From the outset, you were required to focus on the strategic business unit (SBU) to ensure that Business-level strategies could be applied. The challenge here is to determine how each of the strategic options determined from the TOWS process ‘looks like' in competitive strategy terms. In other words, you need to identify each option using the language provided (Bowman's Clock, p. 225) and from there, how the competitive advantage can be sustained. If appropriate, you may choose to enter into discussion about whether to compete or collaborate.
It is important to note that it very much depends of your own strategy as to which tools you choose and how many options you come up with.
This section may not apply for most of you but some have chosen organizations that are not-for-profit such as NGO's and Government departments (and sub-sets thereof) so if that is the case, then you may look towards the various parenting matrices as these provide an appropriate framework within which you can discuss how you can assure sustainability.
Those of you who have chosen a strategic business unit (SBU) may refer to this section to consider the myriad of ways by which sustainability and competitive advantage can be achieved through diversification.
The development of an international strategy is expected only if it is applicable.
Innovation and Entrepreneurship
If your organization is in a start-up operation, then this chapter applies to you. It won't apply otherwise.
Strategy Methods and Evaluation
Use the processes most appropriate to your organization to determine the method by which your organization will develop - organically, by way of mergers/acquisitions, or by way of alliances.
The next challenge is to use the criteria of suitability (p. 366), acceptability (p. 368) and feasibility (p. 380) as a ‘screening' process to eliminate those strategies that are not appropriate to enact.
I expect that you will use dot-points on this section given the word limits that apply.
Enacting your chosen strategy
Given that all organizations are different and the therefore all strategies are different, it is impossible to even outline what needs to happen here without being prescriptive. So the challenge for you is to devise a way by which your chosen strategy can be brought into action. Not everything listed in the final chapters of the text is going to be appropriate or relevant.

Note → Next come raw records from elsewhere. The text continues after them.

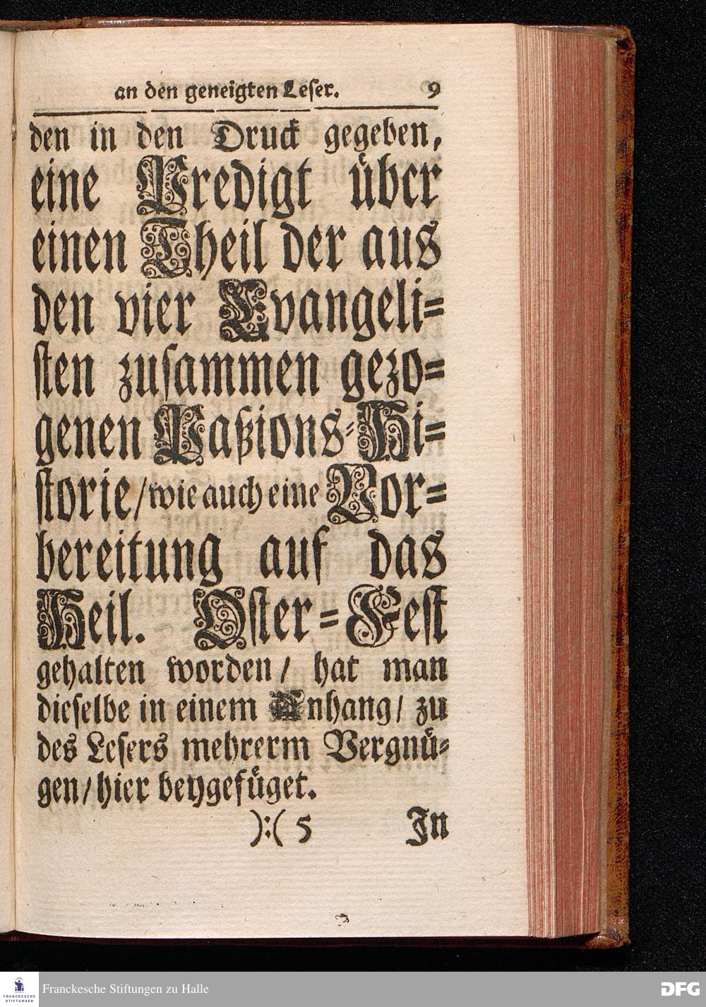 August Hermann Franckens / S.Theol.Prof.& Past.zu St.Ulrich und des Gymnasii Scholarchæ, Oeffentliche Reden über die Paßions=Historie, Wie dieselbe vom Evangelisten Johanne im 18.u.19. Capitel beschrieben ist, gehalten Von Esto mihi bis Ostern 1716. In dem Wäysenhause zu Glaucha an Halle. EDITIO III. HALLE, Gedruckt und verlegt im Wäysenhause, MDCCXXXIII.
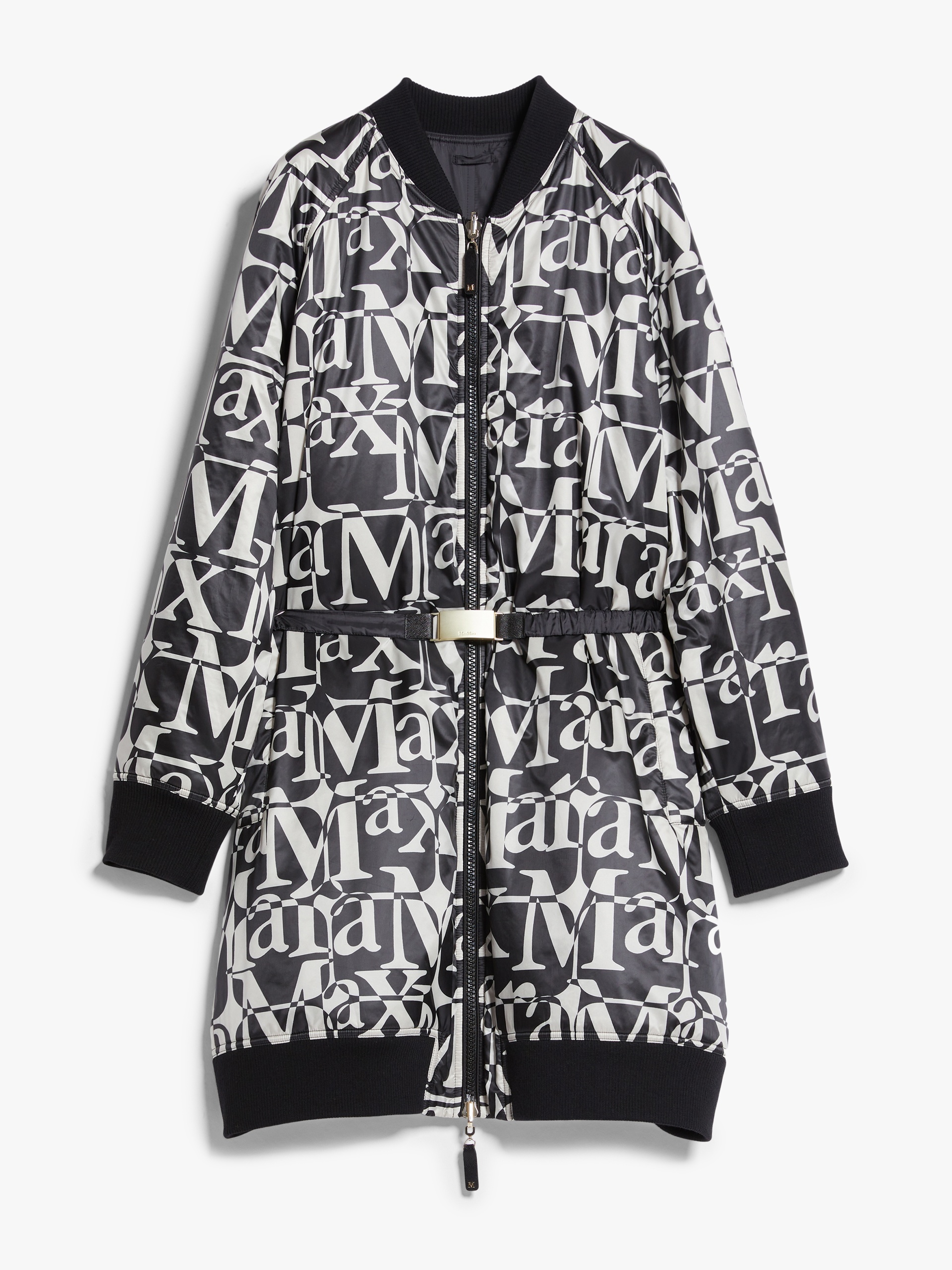 DETAILS Reversible long bomber jacket in water-repellent technical canvas featuring a rib-knit collar, cuffs and hem. Raglan sleeves and welt pockets. One side boasts printed canvas fabric, whilst the other side is plain-coloured. The Cameluxe padding sets the garment apart: a new frontier as far as upcycling processes are concerned, since any surplus material leftover from the process of cutting the pure camel fabrics for our legendary coats, is recovered. These pieces of fabric are then reused to create a special padding material that boasts the same insulating properties as virgin materials, without needing to use any more raw materials. Zip fastening and an elasticated fabric belt. COMPOSITION AND CARE Fabric 100% polyester; inner fabric 100% polyester; with quilting in 48% polyester, 48% camelwool, 4% silk; with knitted details 84% virgin wool, 15% nylon, 1% elastane; - exclusive of decoration. Do not wash; do not bleach; do not tumble dry; do not iron; professionally dry clean hydrocarbons low moisture - mild process; do not wet clean.; don’t iron the labels.; do not apply the iron soleplate on the garment fabric.; remove the belt before washing.; take off the zip tongue before washing.; contains non-textile parts of animal origin. Distributed by Max Mara S.r.l., registered office in Reggio Emilia (Italy), Via Giulia Maramotti 4, 42124 (IT)
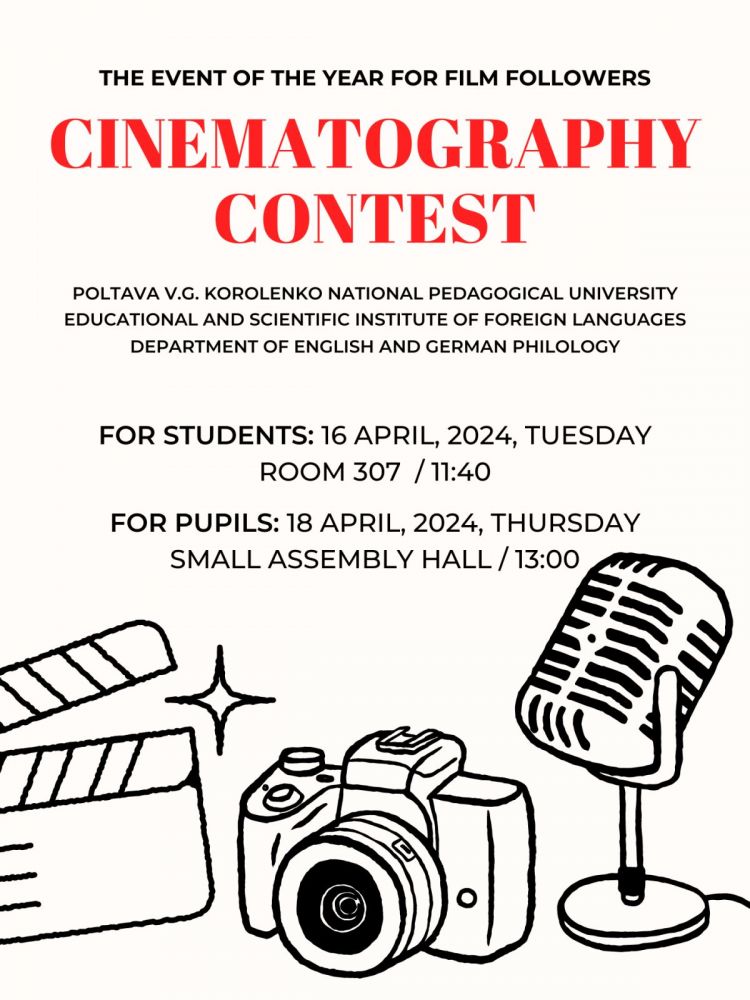 Кафедра англійської та німецької філології Полтавського національного педагогічного університету імені В. Г. Короленка оголошує Конкурс «Англійський кінематограф» для учнівської молоді Полтавщини, який відбудеться дистанційно в Полтавському національному педагогічному університеті імені В. Г. Короленка 18 квітня 2024 р.
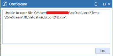 OneStream will invoke a standard Windows call to handle the file, i.e. it will push it to Windows and say "open this file with the default program for this extension (xlsx) please". If Windows does not allow that for whatever reason, the operation fails.
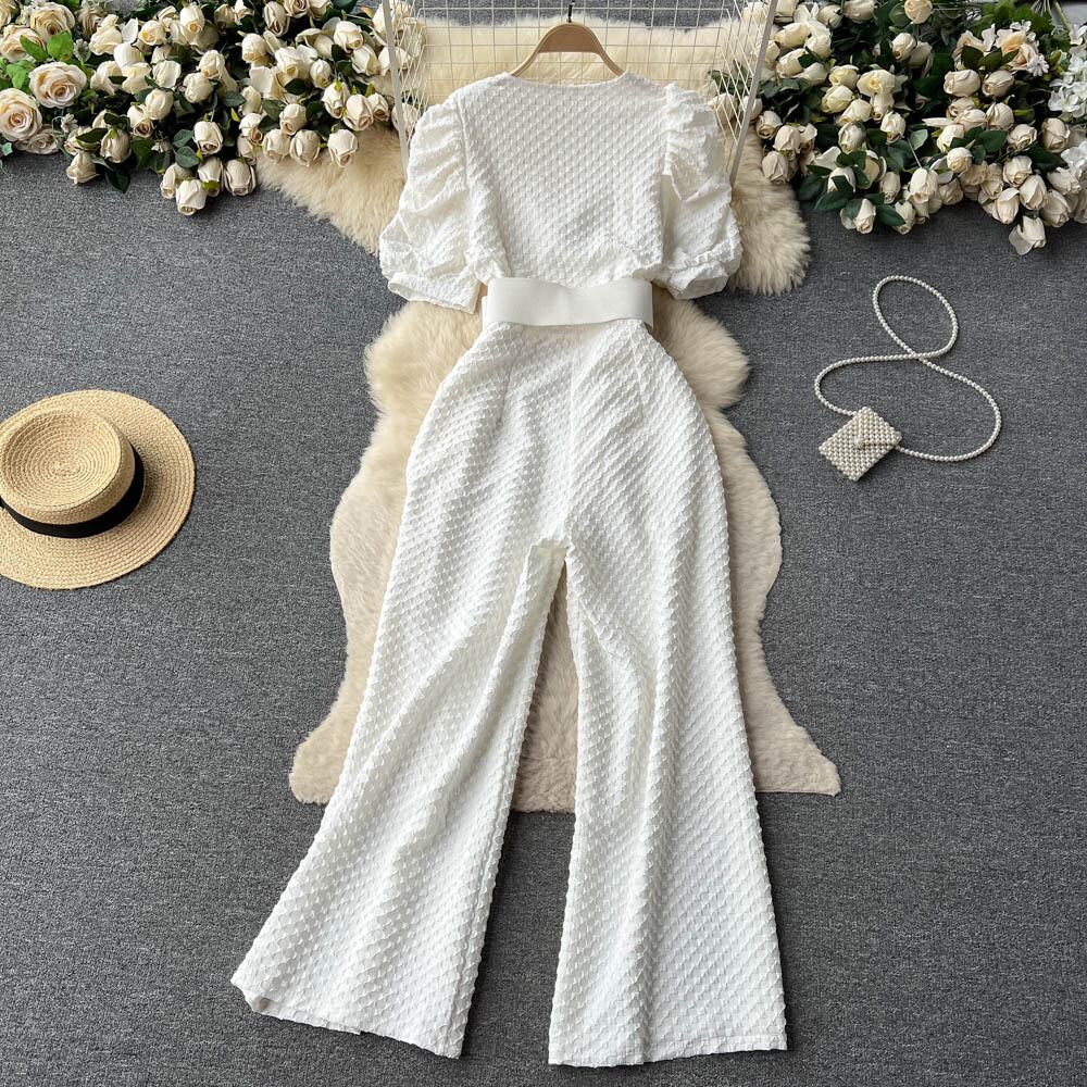 Nomikuma ベルトスリムウエストパフスリーブジャンプスーツ夏 V ネックロンパースファッションワイド脚長パンツボディスーツ ロング サマー 夏物 ハーネス Vネック ワイドレッグ ワイドパンツ

You have to make a choice here about identifying the most important factor that will either facilitate strategic enactment or impede it, so this section is about addressing that. Don't go too broadly because the more focus your develop, the better and the best way to do this is to keep focussed on the problems (or enabling aspects) of your own specific organisation.
You may choose to argue that your organization needs to consider a culture change to bring your strategy into action so you will looking beyond the text to leadership issues to facilitate that happening. I welcome anything that will facilitate strategic change, which means that it must surround what happens on an organization-wide (holistic) basis.